In a way, dysphoria is an experience of being wrongly narrated, though the book is also resistant to the idea of correct narration. The back and forth between Fin and Daniel that frames Daniel’s story in the second part of the novel is sometimes gentle, sometimes argumentative; they sulk, bicker and find each other annoying, but that’s how Daniel edges closer to a new level of understanding.

[See also: Benjamin Myers: “Historical fiction is not all tabards and turnips”]

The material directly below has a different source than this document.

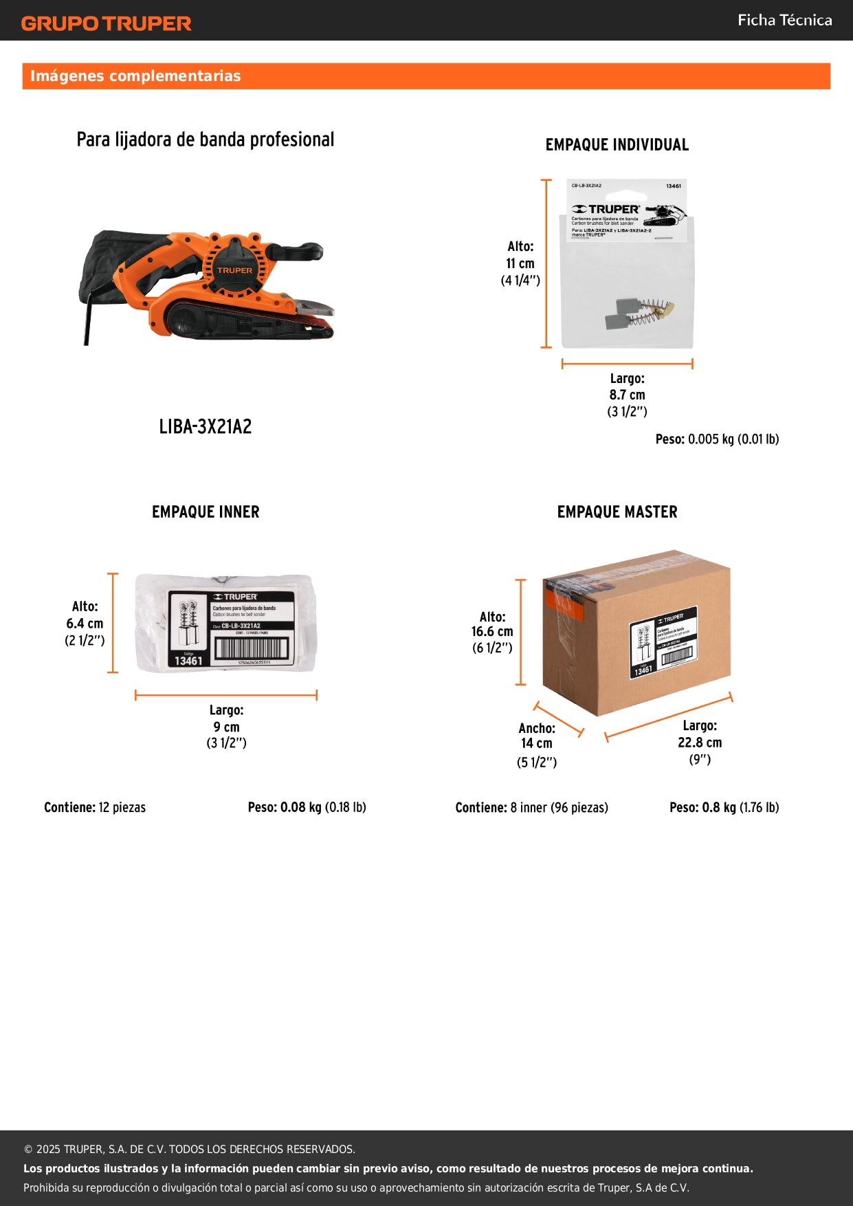 Bolsa con 2 carbones de repuesto originales TRUPER diseñados específicamente para la lijadora de banda modelo LIBA-3X21A2. Estos carbones garantizan el funcionamiento óptimo del motor de tu herramienta eléctrica.

While Daniel’s story is framed within their conversation with Fin, the novel is divided further into sections, each with a visually distinctive format. The opening, “A New Beginning”, is composed of single-page vignettes, while “An Old Story” has the familiarity of a play, with the speaker indicated in the margin. How did you come to this structure? 

The two brief paragraphs per page of the first part [of the novel] emerged in response to the problem of how to give form to a space that is amorphous and indeterminate. Never Was begins in a landfill for lost dreams and things that never came to be, a precarious place that changes depending on whose disappointments are shaping it. As a world, it’s barely sustainable – there are baby pterosaurs and a wrecked cruise ship – and the lessened text on the page helps represent that visually. I was also influenced by a book by the Icelandic writer [and former Goldsmiths Prize judge] Sjón, called The Blue Fox, which uses a similar technique to bring the reader into an otherworldly encounter.

The visual division of the text that continues for the rest of Never Was is like a silent reiteration of the gender binary, which in my mind is also associated with the Ha Ha in the garden of Fin’s mansion. A Ha Ha is a boundary that transforms the landscape it divides into a continuum, but it can still trip you up, and it still takes a great effort to get across.  

This year, the Goldsmiths shortlist is dominated by authors from and writing about the north of England. Yet in Never Was, the geographical and temporal settings of Daniel’s childhood in “the North” are kept vague. Instead, the reader is offered descriptions of the nameless salt-mining town that Daniel grew up in. What drew you to this particular – or not-so-particular – setting?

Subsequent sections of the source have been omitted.